There are lots of things in the Dunn Creek Farm CSA box this week that your great grandmother would recognize. And she'd be pleased to have fresh produce picked and ready for her family. Chances are you
have a food memory about a grandmother, aunt, neighbor or someone else close to you who knew how to 
put love into every bite. It's amazing how durable those memories are and how they become part of us.
They are the opposite of the empty and forgettable calories that never fill us up.    

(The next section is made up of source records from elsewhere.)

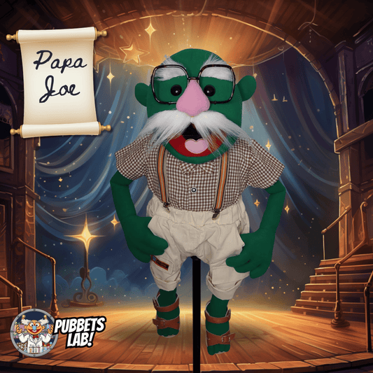 Papa Joe – Green Full-Body Hand Puppet with Moustache & Glasses | DHL Express Shipping Included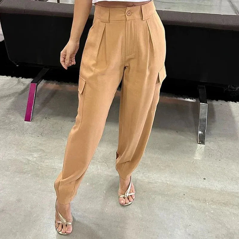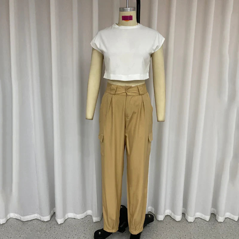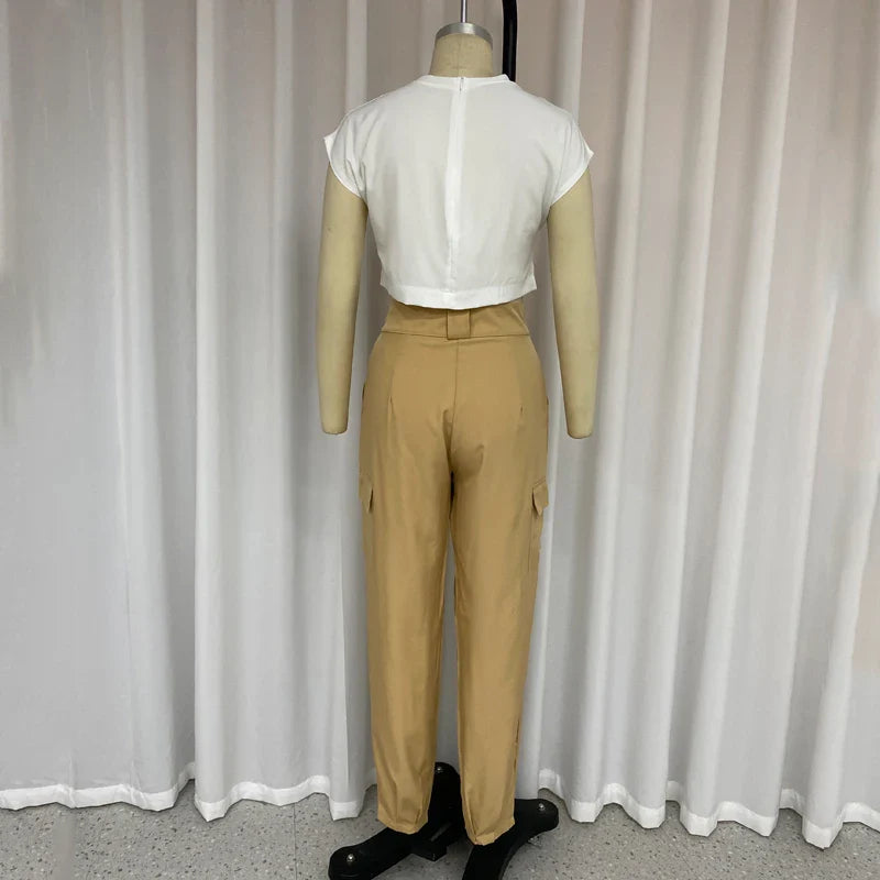 Znbbw Women Two Piece Set Summer Fashion Round Neck Sleeveless Top Casual Nipped Waist With Pocket Cargo Pants Sets Streetwear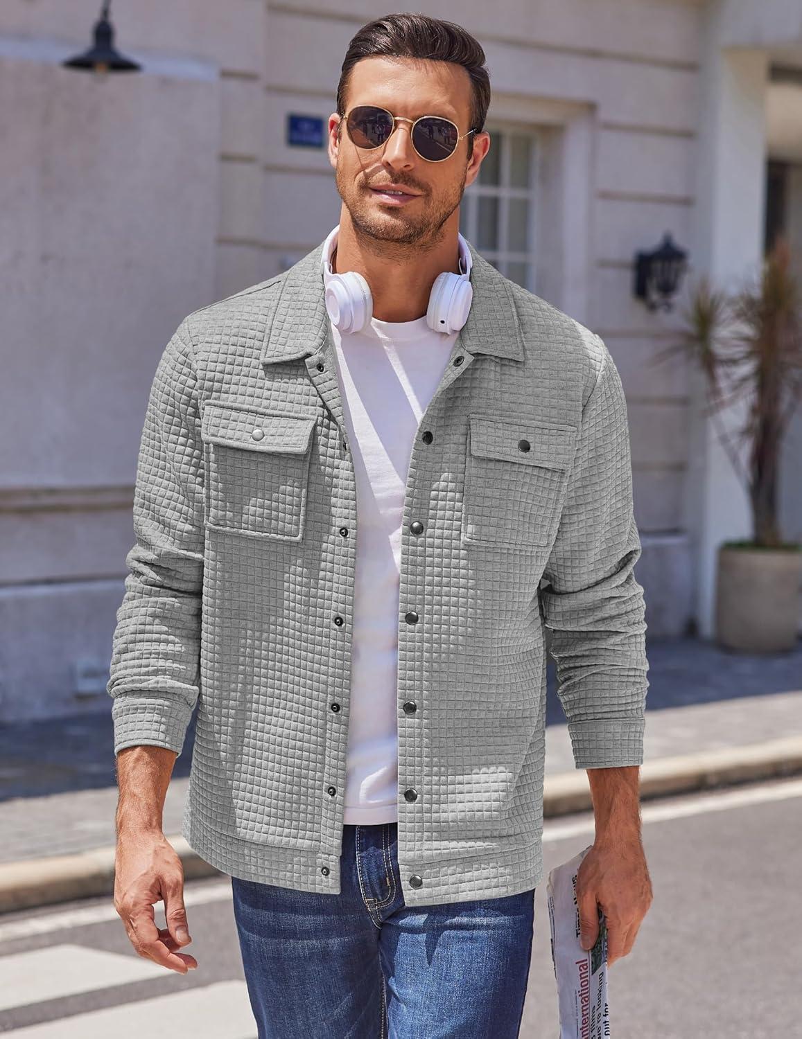 COOFANDY Mens Casual Shirt Jacket Button Down Waffle Jacket Long Sleeve Sweater Jackets Quilted Shacket Overshirt(Light Grey)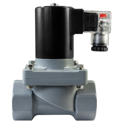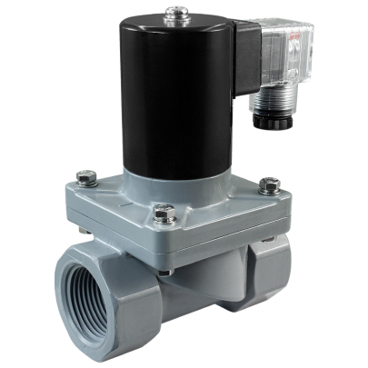Клапан соленоидный нормально закрытый непрямого действия с поршнем для агрессивных сред предназначен для управления потоком рабочей среды в трубопроводе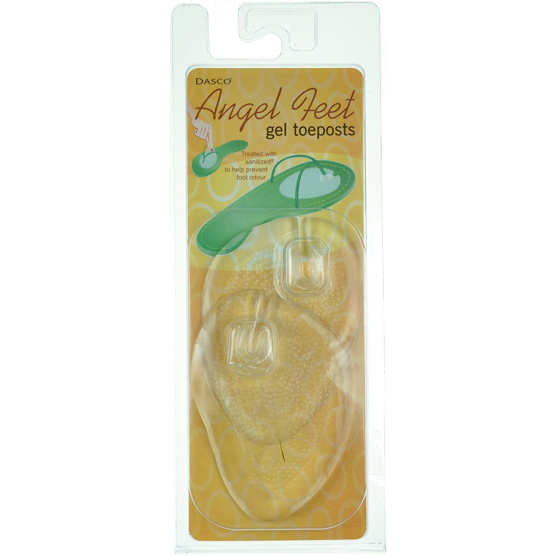 Angel Feet Gel Toeposts "invisible" gel cushions offer gentle protection for toes and cushioning for the balls of your feet. Suitable for all flip flops and toe thong style shoes and sandals. Each pad weighs 12gm; Maximum dimensions: 9.5cm long x 7.5cm wide x 1.5cm high. 1 pair.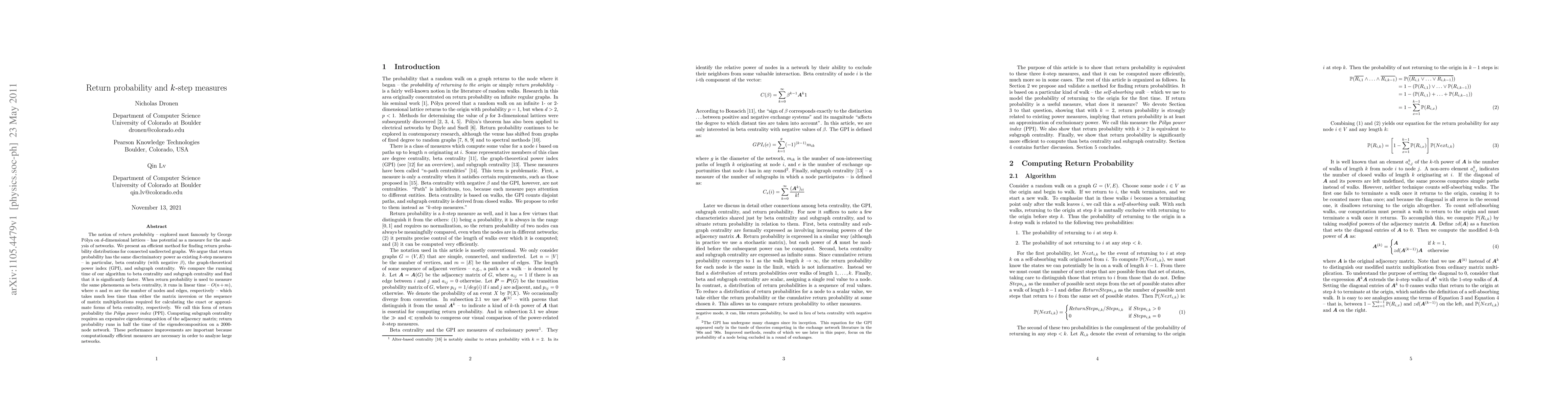 This paper introduces an efficient method for calculating return probability distributions in connected undirected graphs, demonstrating its linear time complexity (O(n+m)). It argues that return probability, termed the Pólya power index (PPI), is as effective as existing k-step measures like beta centrality and subgraph centrality, while significantly outperforming them in computational efficiency.

My Grandmother was a fine cook who came by her skills the hard way. Her mother died when she was 12 
and as the oldest girl she took over the kitchen and fed her family.  That was in 1892 on a farm in Kansas.  
As a boy, I remember her being very old in a gingham apron making boiled frosting for a birthday cake in our suburban kitchen. She talked about the food she used to love. She would become rhapsodic about shelling peas and string beans, tomatoes and corn. Every July she asked to have home made vanilla ice cream from a hand cranked freezer.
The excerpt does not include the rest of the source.